Теперь с шестого все только начинается. Это совсем молодой, двадцатишестилетний Корней Чуковский, тот, про которого — еще не знающий про их будущую дружбу — Блок писал, что у него, Чуковского, нет длинной, фанатичной мысли, что он-де, приехав из Одессы, лезет в “честную петроградскую боль”. Это Чуковский разбега, хотя сборник “критических рассказов” уже переиздан в течение 1908 года трижды2 , уже выпущен “Нат Пинкертон и современная литература” (эта публикация будет по второму изданию, 1910-го, в следующем томе). Он еще нащупывает свой стиль, ищет интонацию, подбирает инструментарий. Конечно, многое здесь наивно, скороспело, поверхностно и отдает лихорадочным журнализмом.

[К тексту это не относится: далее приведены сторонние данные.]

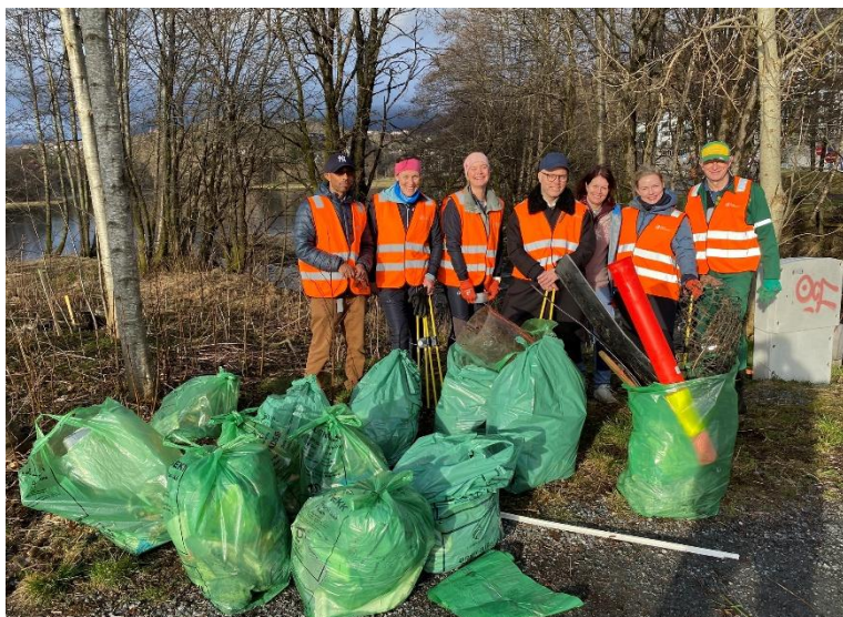
Vi får god hjelp fra Fana Sparebank til å holde det ryddig.

Det er også inngått avtale med bybanen om rydding langs banen. For dette får vi et tilskudd på kr.25.000,-.
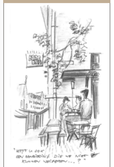
Escobar Eerste Sweelinkstraat
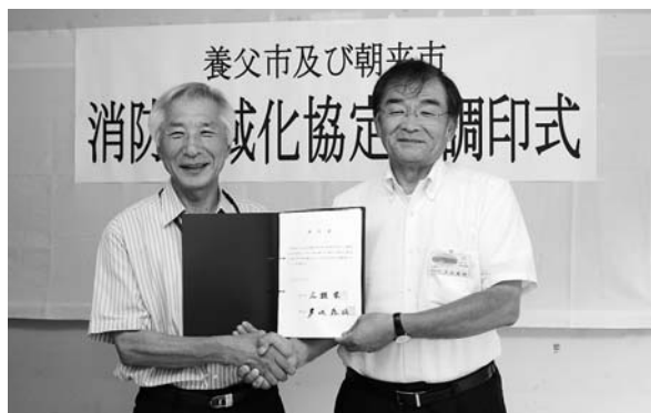
調印書に署名した多次市長(右)と広瀬市長
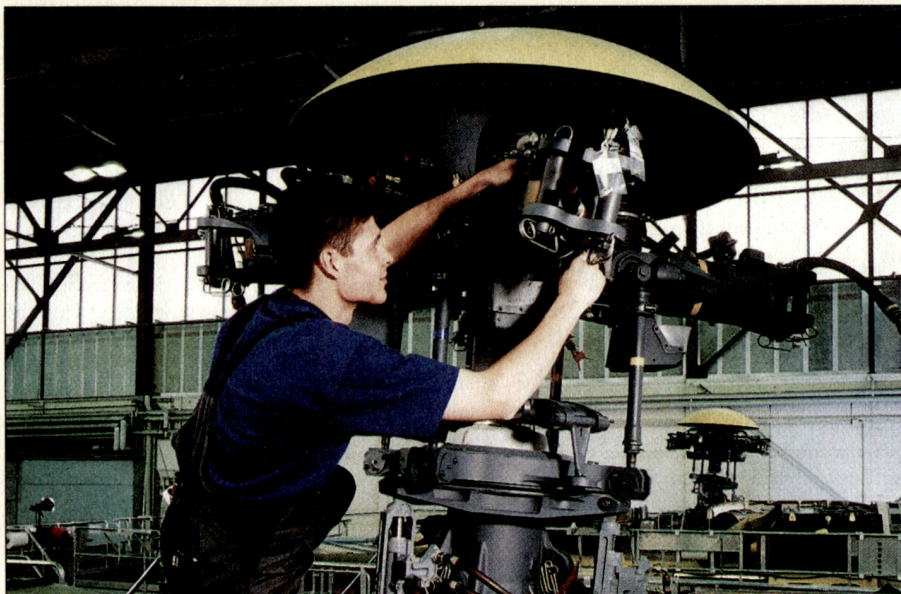
Die Montagelinie für die Endmontage der neuen Serie Transporthelikopter ist voll in Funktion. Der Auftrag wird 2002 abgeschlossen.

Das Zusammengehen von Firmen erfordert in vielen Fällen, dass aus betriebswirtschaftlicher Sicht Doppelspurigkeiten in Forschung und Entwicklung, in Produktion und Service aufgegeben werden. Deshalb ist der Restrukturierungsprozess mit einem schmerzlichen Abbau von Arbeitsplätzen verbunden. In Deutschland setzte es seit 1989 beispielsweise einen dramatischen Kapazitätsabbau von rund 280 000 auf zirka 90 000 Stellen ab. In der Schweiz mussten Ende der Neunzigerjahre allein im Bereich des Armeematerialunterhalts im VBS über 3000 Stellen gestrichen werden.
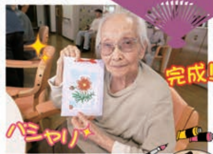
お一人おひとりが自分好みの色もつけてきれいに つくることができ満足です!
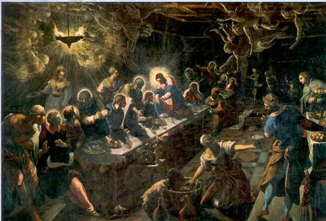
Венецианец Тинторетто в 1594 г. изобразил тайную вечерю как подпольную сходку в тревожных сумеречных отсветах
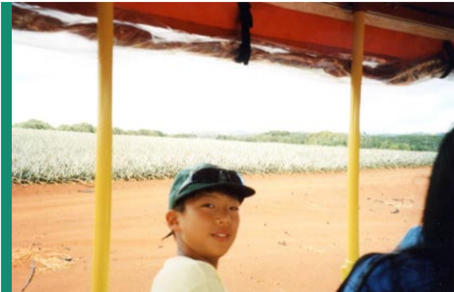
1 5。 Dole plantation farm train
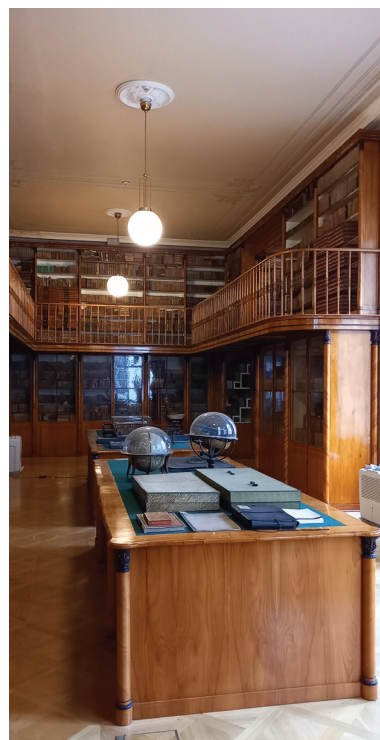
Obr. 14a–b. Ve správě Knihovny Národního muzea je mj. také pražská palácová knihovna knížat Kinských na Staroměstském náměstí, kterou jsme měli možnost navštívit dne 22. října 2025. Majitel knihovny Rudolf kníže Kinský (1802–1836), první kurátor Matice české, knihovnu obohatil o českou historickou a beletristickou literaturu.
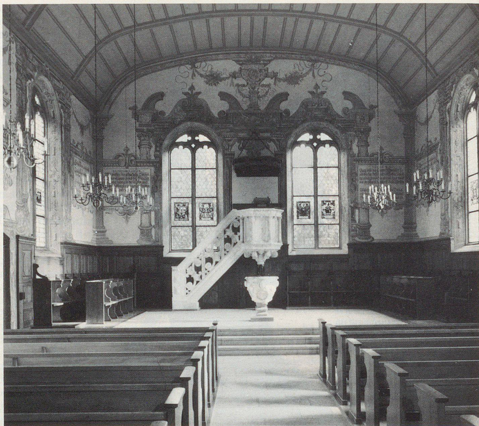
L'église réformée de Gränichen, construite entre 1661 et 1663 par Abraham Dünz, peut être considérée comme un prototype de salle de prédication de Berne. Le baptistère et la chaire d'albâtre blanc doivent pouvoir être protégés sur place.

Les responsables cantonaux avaient par ailleurs manifesté beaucoup de scepticisme s'agissant de faire dresser les inventaires par des personnes non professionnelles. C'est pourquoi l'on a voué une attention particulière à cette question dans les programmes de cours et dans les documents de travail, ce qui
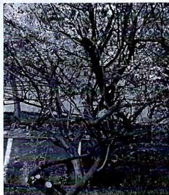
Se muestra el individuo arbóreo podado.

En este sentido, de las constancias que obran en el presente expediente, se desprende que personal adscrito a esta Procuraduría llevó a cabo el reconocimiento de hechos establecido en el artículo 15 BIS 4 fracción IV de la Ley Orgánica de esta Entidad, diligencia en la que se constató la poda de dos ramas secundarias de un árbol de la especie Schinus terebinthifolius ; así como, el retiro de diversos arrayanes; por lo que se notificó el citatorio correspondiente a la persona señalada como responsable de los hechos denunciados.
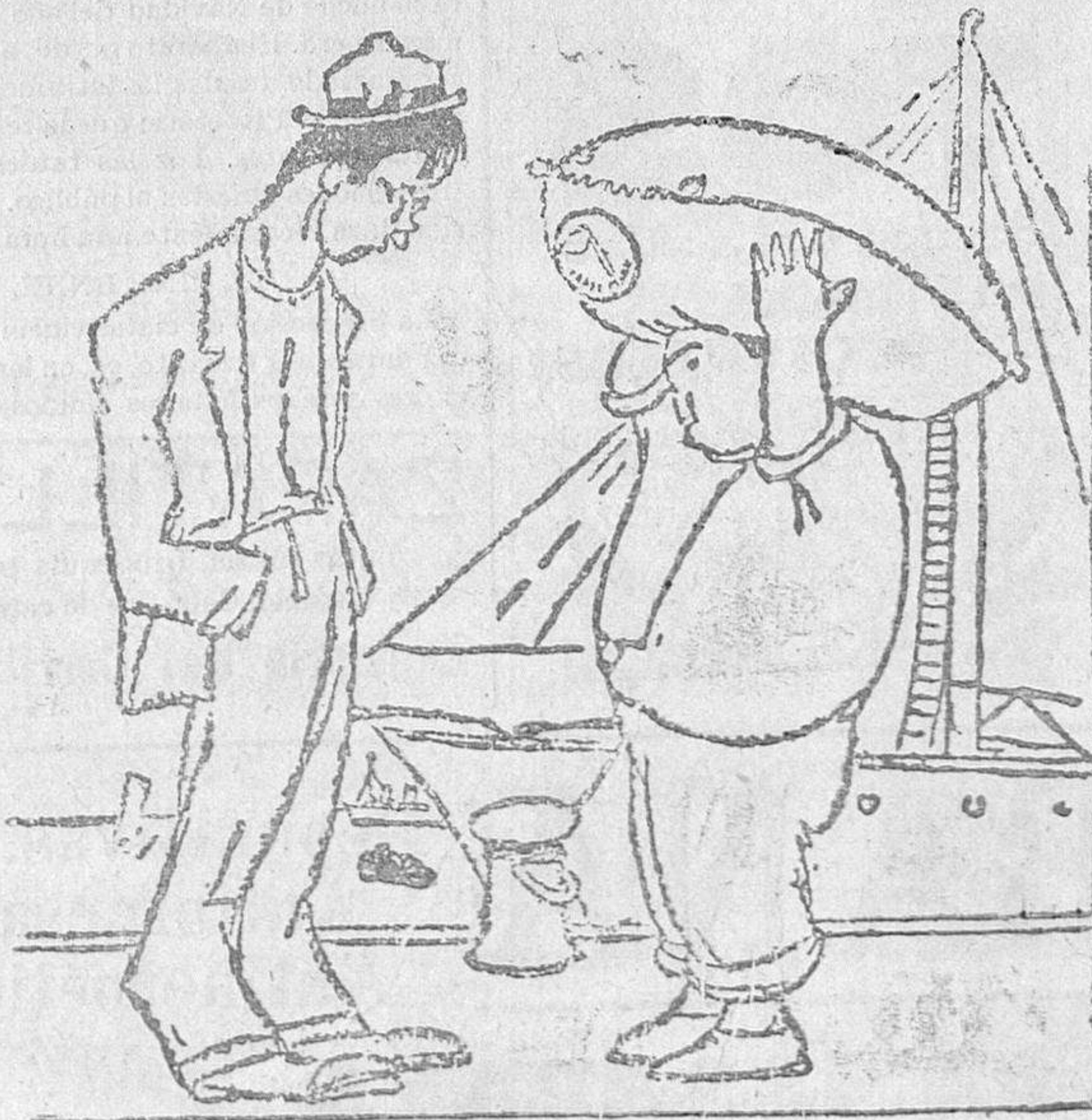
—Creo que eres una verdadera especialidad cargando sacos. ¿Y cómo ganas tan poco jornal? —Chico, estos trabajos de cabeza están muy mal retribuidos.

Se acordó, a fin de reforzar los elementos con que ahora cuenta el Ayuntamiento, con el objeto de empezar a trabajar cuanto antes en este respecto, pedir a la Dirección general de Sanidad el envío a título de préstamo, del material de desinfección que pueda facilitar el parque central de Sanidad.

Но уже здесь эти недостатки выглядят лишь тонкими подгорелыми краями того славного литературного пирога, который замешивал и трудолюбиво-любовно пек Чуковский в течение почти тридцати лет (примерно до 1930 года).
“Есть такое мнение”, что критический стиль “раннего” Чуковского замешен на фельетонности, что он карикатурен, а следовательно — критик не проникает глубоко в суть рассматриваемого явления. Тут же прилагается испытанный тезис, что К. Ч. силен в литературном “киллерстве”, но не в созидательном разборе . Некоторая правота тут есть, но только некоторая. Евгения Иванова справедливо пишет в своем предисловии, что статьи Чуковского всегда были наглядны и доказательны, мысли не подкреплялись примерами и цитатами (скорее не только подкреплялись. — П. К. ), а вырастали из детальной проработки произведения, надолго опередившей школу американской “новой критики” с ее “пристальным чтением”. И вместе с тем “все достоинства Чуковского оборачивались недостатками, как только дело касалось солидной репутации, именно избранное критическое амплуа ставило имя Чуковского в один ряд с нововременским гаером Виктором Бурениным, хотя идейно и эстетически они не имели ничего общего”.

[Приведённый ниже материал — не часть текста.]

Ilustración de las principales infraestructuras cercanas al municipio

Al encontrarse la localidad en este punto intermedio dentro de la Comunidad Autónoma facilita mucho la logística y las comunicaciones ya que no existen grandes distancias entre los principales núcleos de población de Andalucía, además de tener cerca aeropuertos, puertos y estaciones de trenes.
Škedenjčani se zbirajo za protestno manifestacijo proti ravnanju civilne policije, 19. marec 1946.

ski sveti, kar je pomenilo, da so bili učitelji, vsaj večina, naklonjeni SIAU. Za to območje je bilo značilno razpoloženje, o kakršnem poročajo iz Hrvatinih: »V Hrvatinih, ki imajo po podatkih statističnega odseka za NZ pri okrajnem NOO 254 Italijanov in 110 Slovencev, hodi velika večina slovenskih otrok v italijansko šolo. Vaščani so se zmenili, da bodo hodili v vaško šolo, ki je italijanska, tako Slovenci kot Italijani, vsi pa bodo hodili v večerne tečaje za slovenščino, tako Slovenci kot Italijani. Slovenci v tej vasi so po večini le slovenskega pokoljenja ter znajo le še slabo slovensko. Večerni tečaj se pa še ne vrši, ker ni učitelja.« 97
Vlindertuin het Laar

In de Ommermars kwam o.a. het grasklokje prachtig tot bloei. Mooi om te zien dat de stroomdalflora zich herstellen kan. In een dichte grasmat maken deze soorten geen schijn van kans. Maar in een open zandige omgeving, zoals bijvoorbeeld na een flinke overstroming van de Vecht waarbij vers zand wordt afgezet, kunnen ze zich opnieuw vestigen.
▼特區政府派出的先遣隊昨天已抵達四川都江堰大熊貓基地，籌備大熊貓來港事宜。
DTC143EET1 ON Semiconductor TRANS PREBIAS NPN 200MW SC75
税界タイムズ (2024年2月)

К слову, спустя годы, говоря о самой первой книге Корнея Чуковского, Анна Ахматова заметит, что именно он, молодой критик Чуковский, провозгласил вхождение города в тогдашнюю литературу. Не пустяк.

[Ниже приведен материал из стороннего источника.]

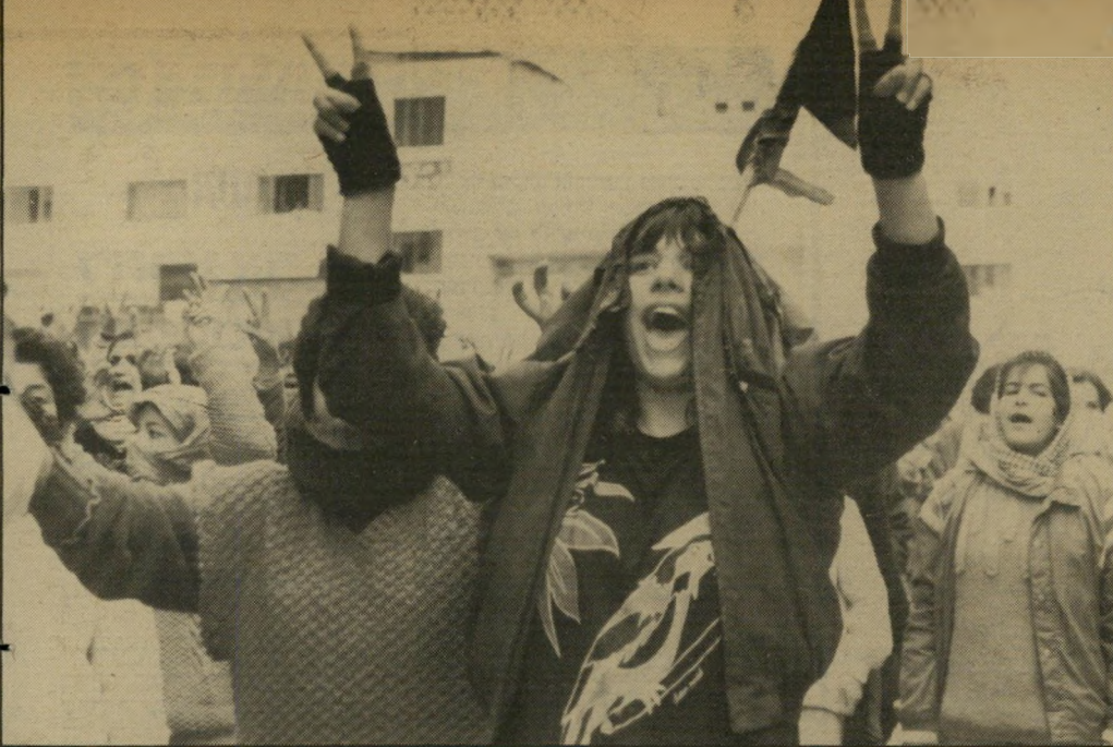
ענין שיגרת תלמידיים

סגןהמנהל זינק אל הבימה, אחז ברמקול ותבע על האורחים הלא-קרויים אים לעזוב את תחומי ביתהספר. הל לו, לא רק שלא נענו לתביעתו, אלא גם פתחו כשאגות. לא ניתן לפושע, לדבר כאן? צעקו. הנגיבי הוא פושע, שמשתף פעולה עם המחבלים! הוא סוכן של אשף ואסור לתת לו דרבי! דמעות בעינייהם. מפה לאוזן נלי חשה השמועה שנציג התחיה, המשמש בפועל כמוזכיר מפלגתם של גאולה כהן ויובל נאמן, מלווה באנשיכהנא. סגן המנהל, חיוור כסיר, שב אל הבימה וקרא לאישיכ"ף לצאת מחצר בית הספר. לשווא. תלמידיים סיפרו, כי התכוון ברבריו לצעיר מוכר, שאך יומיים קודם לכן חדר לחצר וחילק כרזים של מאיר כהנא. כאשר ניצב לבדו בחצר שכנידו כרוזים, לא עמד בו הכוח לסייב רב והוא מיהר לסתלק עליפי הוראת המורים. הפעם הרגיש חוק וזכה בגיבוי נציגהתחיה — לא רק שלא הסתלק, אלא היה פעיל בצעקות ובאיזמים.
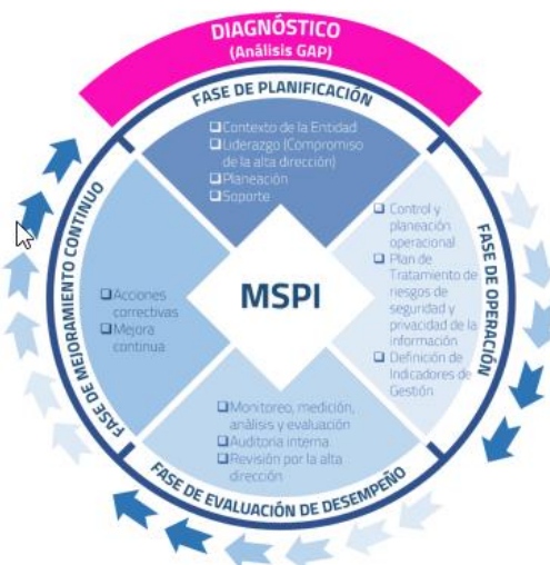
Ilustración 3 Ciclo del Modelo de Seguridad y Privacidad de la Información

A continuación, se presentan las fases de implementación del Modelo de Seguridad y Privacidad de la información para la Secretaría Distrital de Gobierno de Bogotá,
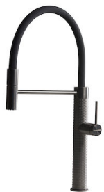
Miscelatore Skin Gun Metal 8424 856
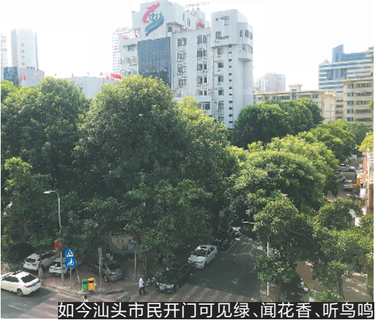
如今汕头市民开门可见绿、闻花香、听鸟鸣
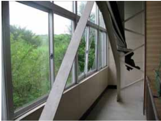
図-4.8 ブレースの座屈とガラスの破損
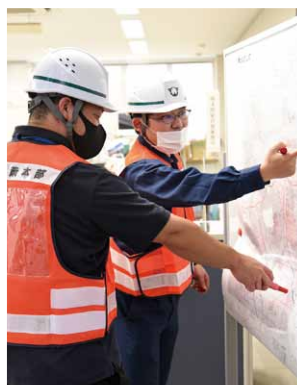
▲災害情報収集体制

自治振興係は、町民の方が安心して生活を送れるように、消防・防災を中心に多様な業務を行っています。 主な業務内容は、消防団、消防委員会、地域防災計画および防災会議、防災行政無線、災害対策、区長会、地縁による団体、交通安全対策、防犯などの業務です。
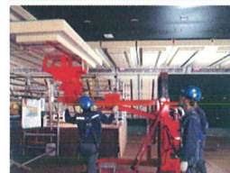
특수단열 판넬 설치
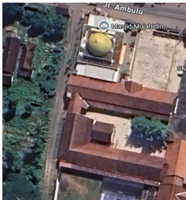
Gambar 1. Lokasi Pengabdian Masyarakat

kebutuhan nyata pengguna, sehingga solusi yang dirancang menjadi lebih tepat sasaran dan aplikatif.
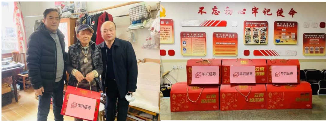
图 3 公司消费扶贫活动

来的不利影响，报告期内，公司主动开展消费扶贫活动，从云南省文山州采购“珍滋味”年货礼盒，并定向捐赠至上海市虹口区四川北路街道山一社区困难家庭，将精准扶贫与社区帮扶有机结合。参加证券业协会组织的“善行者”徒步公益活动，累计捐赠金额 2 万元；在公司内部组织华兴幸福集市，为河南受灾员工献温暖等活动，以实际行动践行社会主义核心价值观。

Я прочитал этот том с теми же чувствами, с какими пересматриваю ранние фильмы Чаплина или разглядываю, если угодно, первые романтические картины Гойи. В разновеликих и разноречивых статьях, откликаясь на все мало-мальски значимые имена, события и книги, Чуковский, хотя уже и пытается, как он позднее напишет Горькому, “на основании формальных подходов к матерьялу конструировать то, что прежде называлось душою поэта”, — все же пока еще только растет как личность в литературе. Он пока еще позволяет себе прямые провокативные ходы, расставляет самодельные “ловушки” и “мины”, пока еще охотно делает и самого себя персонажем своих “критических рассказов”. Но вот уже в следующем томе начнет проявляться его генеральная строго конструктивная система критических координат, звучащая примерно так: “Имярек как человек и мастер”. Это приложится и к Чехову, и к Некрасову, и к боготворимому Блоку. И все равно даешься диву, как уже здесь он многое предсказал и обозначил. Если бы я мог, то процитировал бы целиком его убийственную статью 1907 года под названием “Спасите!” — о литературно-газетной сволочи.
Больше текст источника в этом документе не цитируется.